Misalignments between multi-modality images pose challenges in image fusion, manifesting as structural distortions and edge ghosts. Existing efforts commonly resort to registering first and fusing later, typically employing two cascaded stages for registration,i.e., coarse registration and fine registration. Both stages directly estimate the respective target deformation fields. In this paper, we argue that the separated two-stage registration is not compact, and the direct estimation of the target deformation fields is not accurate enough.

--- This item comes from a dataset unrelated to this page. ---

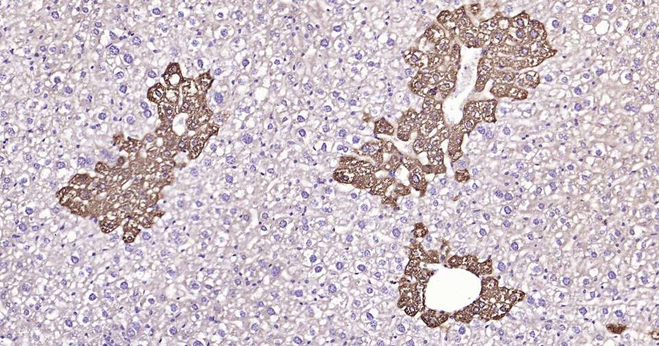 Immunohistochemical analysis of paraffin embedded human liver tissue slide using IHC0333 (Glutamine synthetase Kit).

To address these challenges, we propose a Cross-modality Multi-scale Progressive Dense Registration (C-MPDR) scheme, which accomplishes the coarse-to-fine registration exclusively using a one-stage optimization, thus improving the fusion performance of misaligned multi-modality images. Specifically, two pivotal components are involved, a dense Deformation Field Fusion (DFF) module and a Progressive Feature Fine (PFF) module. The DFF aggregates the predicted multi-scale deformation sub-fields at the current scale, while the PFF progressively refines the remaining misaligned features. Both work together to accurately estimate the final deformation fields. In addition, we develop a Transformer-Conv-based Fusion (TCF) subnetwork that considers local and long-range feature dependencies, allowing us to capture more informative features from the registered infrared and visible images for the generation of high-quality fused images. Extensive experimental analysis demonstrates the superiority of the proposed method in the fusion of misaligned cross-modality images.